September 29, 2010 § 1 Comment


NO color enhancement.

second smallest cup of coffee after the Starbucks "tall" size

The start of my fourth week here a bar of bittersweet chocolate, that first raw cocoa flavor that almost makes you cringe if you weren’t addicted to its boldness would be from the end of the days of waiting accompanied by sleepless nights of blogging. The blogging wont stop, but the frequency might, because here’s the sweet sugary part that lingers like a John Legend outro: I’ve been making friends, the university classes began today, and I met with Mme Rhissassi again.

While I was sitting idly/ recovering from Tanger on Monday, I received an uncharacteristically urgent email from Mme Rhissassi with vague directions for a meeting that afternoon. I thought that the UW campus was bad. But finding my way to the “Faculty of Law” was no picnic. Expecting the headache from navigating unchartered campuses, I arrived by taxi at 2:50 for  the  3:30pm meeting. By the time I found out that no such Faculty of Law existed (it was in fact, Le Faculte de Science et Economics Jurisdiques) and that the room I was searching for was the President’s office, it was 3:50.  As it turns out, this was to be a meeting for my introduction to the University President who’s name has more vowels than Wheel of Fortune. While Mme Rhissassi and I sipped tea in the plush office, she gave me two tasks.  I am to read through the entire Moudawana (the Moroccan family code) and compare it to the older versions making special notes on the changes regarding polygamy, divorce, marriage age and arrangements, and child custody.  She also promised to send me report of the UNESCO chair’s activities last year in French, which I am to translate it into English. Mr President of UM5S (Universite Mohamed V-Souissi) was even more fashionably late than I was, so fashionable that my introduction was to be postponed. In place of the university leader (who is also the co-chair of la Chaire UNESCO) I was introduced to who I will consider my first Moroccan friend. As I was leaving the office, a girl slipped me a piece of paper and a smile. Meryem- not my host sister- was inviting me to hang out sometime. We chatted for some time and made plans to hang out this weekend, “inchallah,” she added.

I spent yesterday morning doing Arabic homework, reading al-Moudawana, and checking my inbox for the material from Mme Rhissassi more often than the calls to prayer.

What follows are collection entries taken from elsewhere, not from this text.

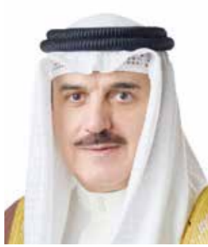
○ رئيس مجلس النواب.

وأني يدوم عليها نعمة الأمن والاستقرار والازدهار. من جانب، أعرب أحمد بن سلمان المسلم رئيس مجلس النواب عن عميق الشكر والامتنان للسيد صقر غباش رئيس المجلس الوطني الاتحادي الإماراتي، وما تضمنه خطابه من تأكيد للموقف الراسخ والعلاقات الوثيقة والمصير المشترك الذي يجمع مملكة البحرين ودولة الإمارات العربية المتحدة الشقيقة في ظل
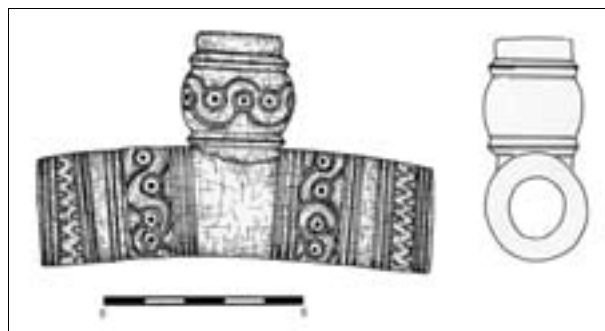
Obr. 82. Modřice, Havlíčkova ulice. Parohový předmět z hrobu 802.

Abb. 81. Modřice, Havlíčkova Straße. Der Plan des untersuchten Grabungsfläche mit bezeichneten Grabgruben.
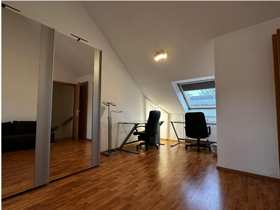
Schlafzimmer 3 (2. OG)
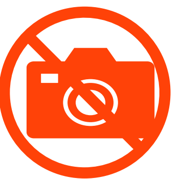
Bild- und Tonaufnahmen am ganzen Standort sind nicht gestattet.

Das Betreten mit einem Herzschrittmacher ist nicht gestattet.
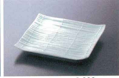
マ-17703 619010 1,200円 青地スタレ正角焼物皿 40入 18×18×2.7cm

I made another friend! She could be considered a shipmate because we are both in the same boat: she came here independently, has showed up for canceled classes, is taking the same aerobics class as me, wants to buy a bike, and has a twin sister named Nicole. Oh wait, not that last one. She’s from Germany but speaks nearly perfect French and commendable English and tonight we studied Arabic together. Last night, she invited me to dinner at her house in the Kasbah, the same Kasbah I posted about a few days ago. If you could jump into the last picture in that post (with the boys playing soccer and tripping over each other) and walk straight along the wall, you would see her door to your right. The dinner party consisted of me (an American), Lisa (my new German friend), Farid and Youssine (both Moroccans), and Pierre (need I even list his nationality?). I laughed more at that dinner than I have my entire stay here. Well, except when Abdorhamane started singing a Beyonce hit. I stayed out late by medina standards, but managed to wake up in time to attend my first classes at the university a 30-minute train and taxi ride away. And woke up to find a 15-page test (the report Mme Rhissassi wants me to translate) in my gmail-box.

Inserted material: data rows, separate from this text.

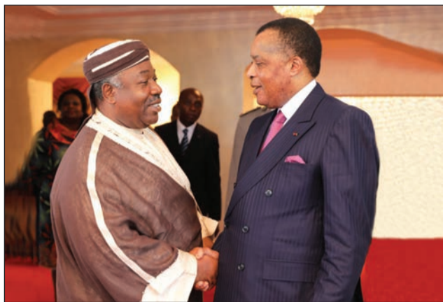
Poignée de main entre les présidents Denis Sassou-Nguesso et Ali Bongo à Kinshasa le 14 février 2018, notamment sur le processus politique en République Démocratique du Congo. Au plan continental, les deux chefs d'Etat ont réitéré leur attachement aux idéaux de l'Union africaine, en vue de la mise en œuvre de l'agenda 2063 et se sont félicités des conclusions du dernier sommet de cette organisation.

aux ressortissants de la CEEAC, prise par tous les Etats membres de cette communauté. Ils ont réaffirmé leur ferme volonté d'impulser davantage le processus d'intégration régionale pour le développement de l'Afrique Centrale tout entière. Le président Denis Sassou-Nguesso a informé son homologue des conclusions de la rencontre tripartite, tenue
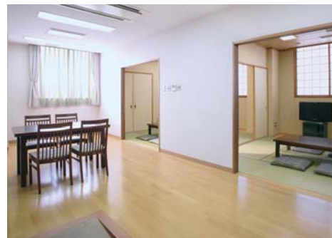
親族控室 / 浴室も備え、仮眠していただけます。
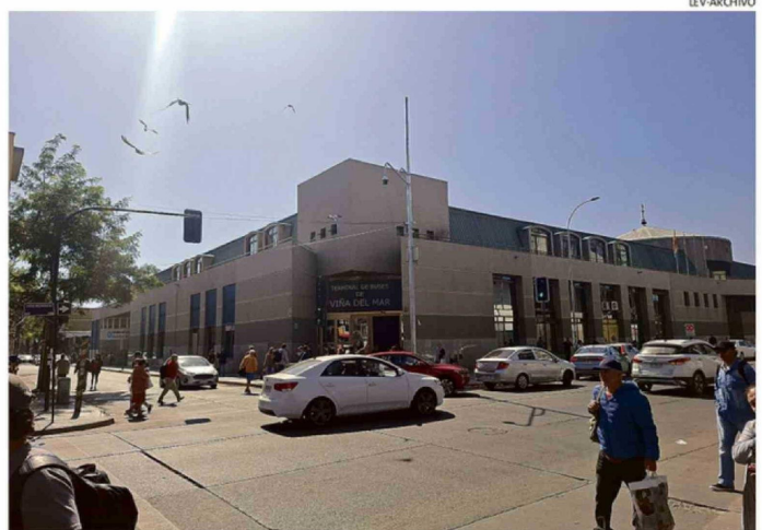
EL PUNTO DE IDA Y LLEGADA DE LA CIUDAD JARDÍN PERMANECE BAJO LUPA POR LA INSEGURIDAD.

2 veces ha fracasado el concurso público para la contratación de guardias tácticos en el terminal de Viña del Mar.

I was a bit antsy for my first class, “Grammaire Corrective”, but found that I am on about the same level as the other six students that bothered to show up today.  Class passed, with the professor’s voice resonating along the walls of our tunnel-like classroom. After a quick conversation with the professor, I faced my next challenge: a 4-hour gap before my next class. With such a lull at Humboldt, I would perhaps take a nap on the lawn, post up in the library with a newspaper, or pester some kids into joining APACC. Not being officially enrolled in the university has its perks- principally the “no tuition” feature- but also some downsides like not being able to use the library. But the best summary of how unalike HSU and l’univeriste Ibn Tofail are: it is forbidden to even step on the grass.A refugee in a world of strange restrictions, I lurked in random stairwells, read one thousand notices, and walked toward town for some grub. I bought some avocado/almond milk and riiyfa bread and pitifully snacked out of sheer boredom. That killed about 30 minutes. I wont make you endure the same boredom by further commentary on how I ran down the clock like the last quarter of a basketball game (go Jacks!) until 2pm rolled around. My professor was late, again, but she needn’t have hurried anyway: I was the only student who showed up for “L’histoire litteraire”. She gave me a humiliated introductory speech and outline of the class before saying “class dismissed”. She spared us both the ungainly assigning of homework.

Forget John Legend. It’s more of an Aretha Franklin sweet lingering melody in that at last I’ll have more to put on my agenda than “yoga at 5”.  Alhamdulilah for the marvelous dilemma of budgeting time between work and friends.